2. What is the main reason why the Philippines' agrarian reform program failed despite its
extension and reforms? (The answer must be worth 50 points).
o The main reason why the Philippines’ agrarian reform program failed despite its
extension and reforms was that it didn’t fulfill its mandate to equally distribute
land to the farmers. Many farmers are still fighting to have their own land. Many
activists protested that the government used various ways to displace farmers
from their lands to accommodate the interests of the government and private
businesses. The agrarian reform law, which was signed by the late President
Corazon Aquino in 1988, was supposed to be completed after ten years with the
distribution of about eight million hectares of land for farmers. A total of 898.420
landless tenants and farmers are the ones who became recipients of land titles
and support services during the ten-year period, however, became a failure as it
was only able to accomplish 22.5% of the target land that should have been
distributed in six years’ time.

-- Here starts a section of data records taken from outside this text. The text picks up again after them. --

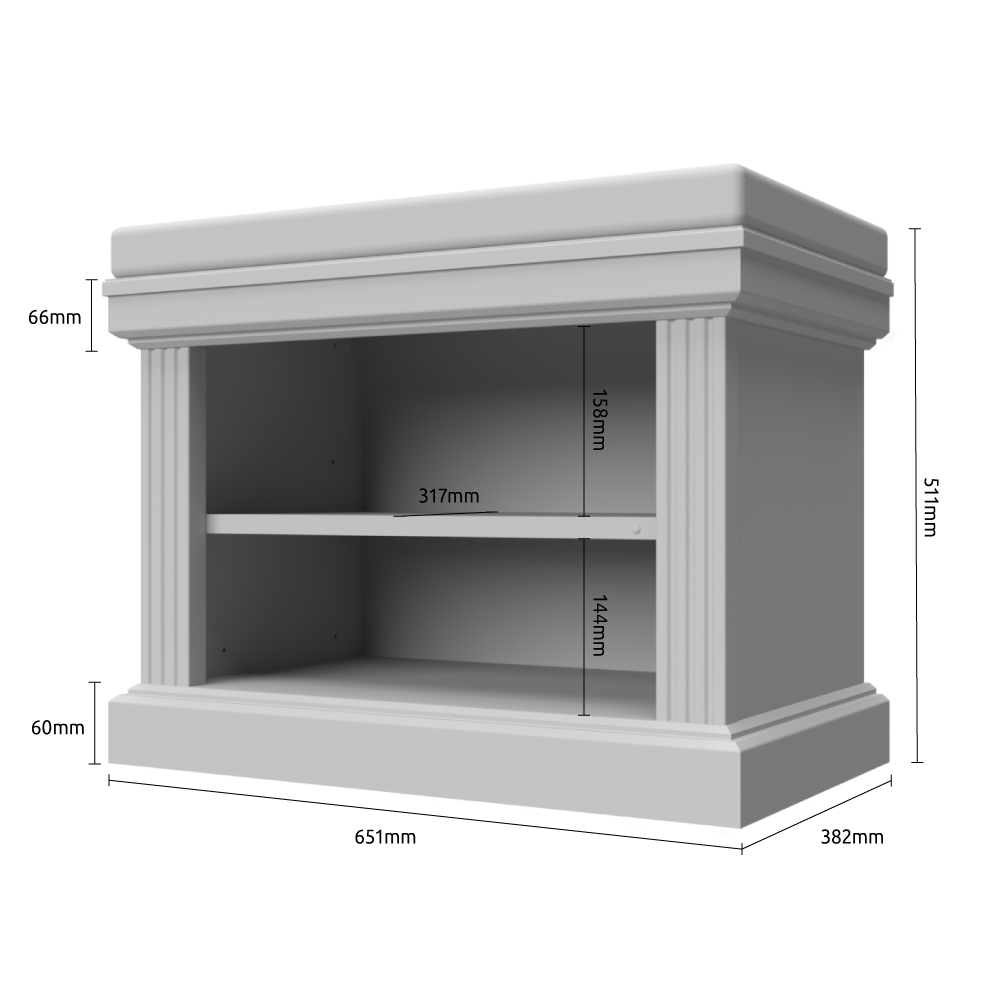 -front komode je od rezbarenog medijapana lakiranog UV lakom sa soft mat efektom u grafit boji, a dekorativna masivna pokrivna ploča od medijapana presvučena folijom u dekoru Pacifik orah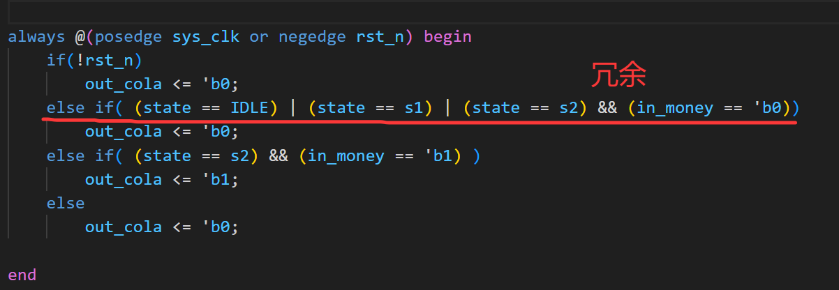 1. 下图画线代码冗余,只用判断少数的输出01和11的情况即可,其他情况均输出00。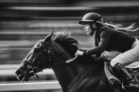 Black and white image of female equestrian riding a horse during a race. Concept of horseback riding, equestrian sport, equine competition, racing.

In 1998, the administration of former president Fidel
Ramos was able to distribute 4.7 million hectares of land, or 60 percent of the
target, more than double the output of the Aquino administration. In December
2008, the budget for the program expired with about 1.2 million hectares of
agricultural land waiting to be distributed to farmers. To continue the distribution
of lands to farmers, the Comprehensive Agrarian Reform Program Extension with
Reforms was passed into law on August 7, 2009, by former president Gloria
Macapagal Arroyo and was set to expire on June 30, 2014. The program,
however, continued even after June 2014 because that law states that it can be
allowed “to proceed to its finality and be executed even beyond such date.” In
2021, the administration of President Rodrigo Duterte claimed that it was able to
distribute a total of 516,000 hectares to 405,800 farmers nationwide. The
Department of Agrarian Reform claimed that as of last year, there were already
2.486 million agrarian reform beneficiaries since 1972, of which 166,127 were
from 2016, while 1.3 million, or 53 percent, are now living in 2,234 agrarian
reform communities. There are, however, more than 50,000 agrarian reform
cases pending before the Adjudication Board of the Department of Agrarian
Reform.
In the case of Mrs. Dorita Vargas, like any other tenant farmers, the
conflict arose from the conflict between the tenant farmers and the landlords
themselves which created the lack of land to be distributed to the farmers. The
landlords’ reasons may be due to their personal agendas such as plans for
urbanization for their own lands instead of cooperating with the government to
provide enough lands for the farmers to till. Like Mrs. Dorita Vargas, some other
tenant farmers also experienced being robbed of their lands entitled to them. It is
said in the video that around 126 hectares are allocated to the tenant farmers,
which is enough for them to even have 1 hectare each. However, they were only
able to receive an overall of 5 hectares for all of them, due to some tactics of
landlords called “chop-chop” or parceling of land titles to evade the CARP
coverage. This resulted in the shortage of land that the government are able to
distribute to the farmers, and some didn’t even receive anything as they didn’t
receive Notice of Coverage.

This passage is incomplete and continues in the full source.